En 2020, nous étions prêts à accélérer, mais la crise sanitaire nous a stoppés net. Pendant deux ans, nous avons essentiellement géré des reports. En 2022, les concerts ont repris avec une intensité folle, avec des artistes comme les Rolling Stones ou Green Day. Nous avions des équipes pensées pour 80 concerts, et il a fallu gérer quatre à cinq fois plus. Les années 2022 et 2023 ont donc été consacrées à la structuration.

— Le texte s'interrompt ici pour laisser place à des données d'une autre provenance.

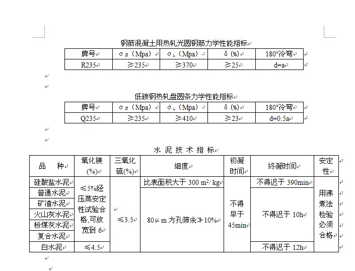 钢筋混凝土用热轧光圆钢筋力学性能指标低碳钢热轧盘圆条力学性能指标水泥技术指标水泥的标号指标
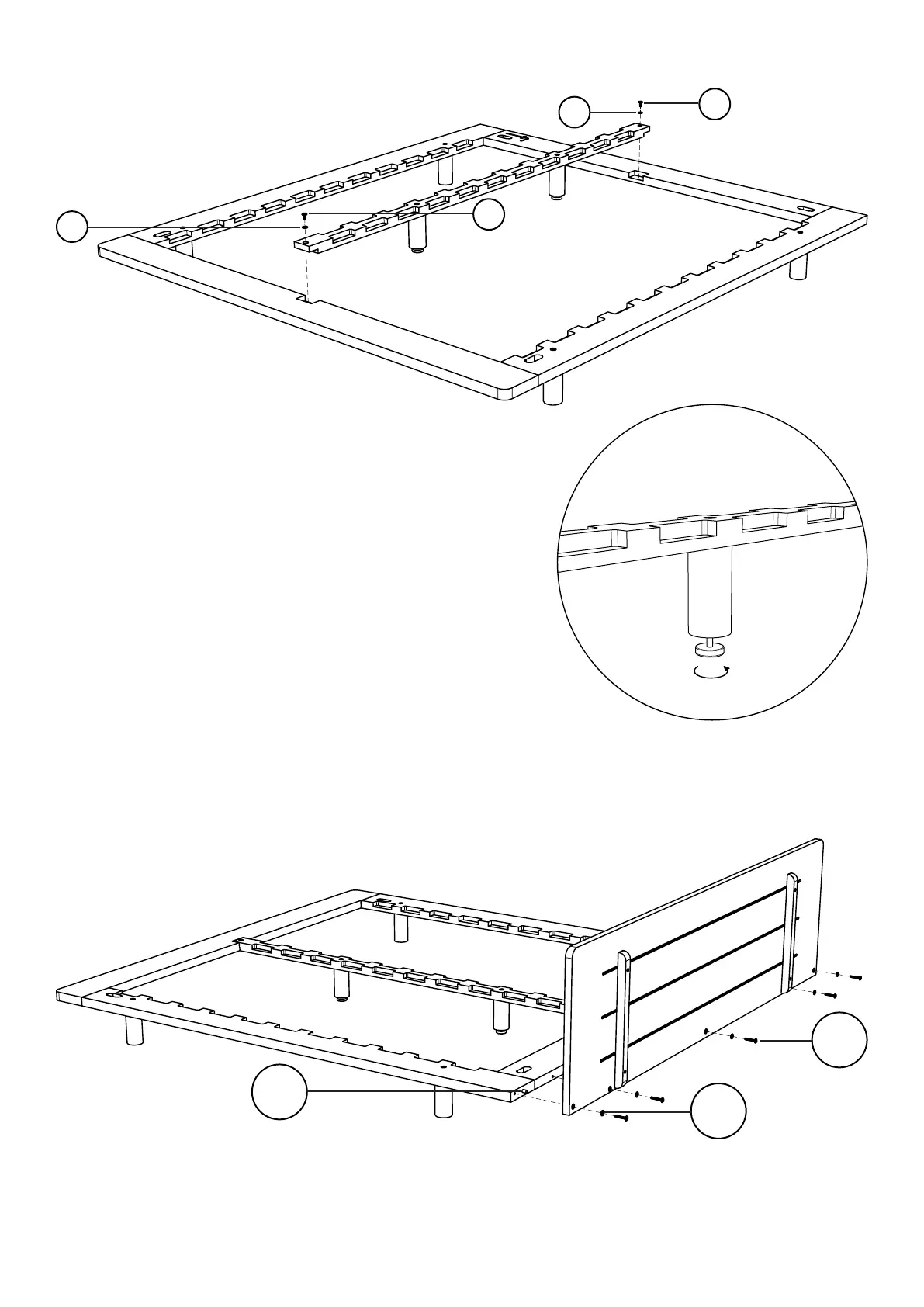 Install 2x dowels (H) to the bed frame, then install the headboard (9) using 5x bolts (D) and 5x

Une fois cela stabilisé, nous avons pu, dès 2023, nous ouvrir davantage, d’abord aux artistes français comme Polo & Pan ou Theodora, puis aux formats non musicaux.

Pierre Daschier pour Billboard France

Quels sont les principaux défis pour un producteur de concerts aujourd’hui ?

Il y en a plusieurs. Le premier, c’est l’inflation des coûts. Tout a augmenté : les cachets, les transports, les hôtels, la technique. Cela met une pression énorme sur les modèles économiques. Ensuite, il y a la question de la billetterie. Le public achète ses places de plus en plus tard, ce qui complique la gestion des risques. Enfin, il y a la concurrence croissante, avec une explosion du nombre d’événements, de festivals, de tournées. Il faut réussir à se démarquer, à proposer quelque chose de fort, d’unique.

Et dans ce contexte, comment voyez-vous l’avenir ?

Je suis plutôt optimiste. Malgré les difficultés, la demande pour les concerts reste très forte. Les gens ont besoin de vivre des expériences collectives, de se retrouver, de vibrer ensemble. Le live reste un moment unique, irremplaçable. C’est à nous de nous adapter, d’innover, de continuer à faire rêver. J’ai la chance d’avoir une équipe formidable, engagée, créative. Cela me donne confiance pour la suite.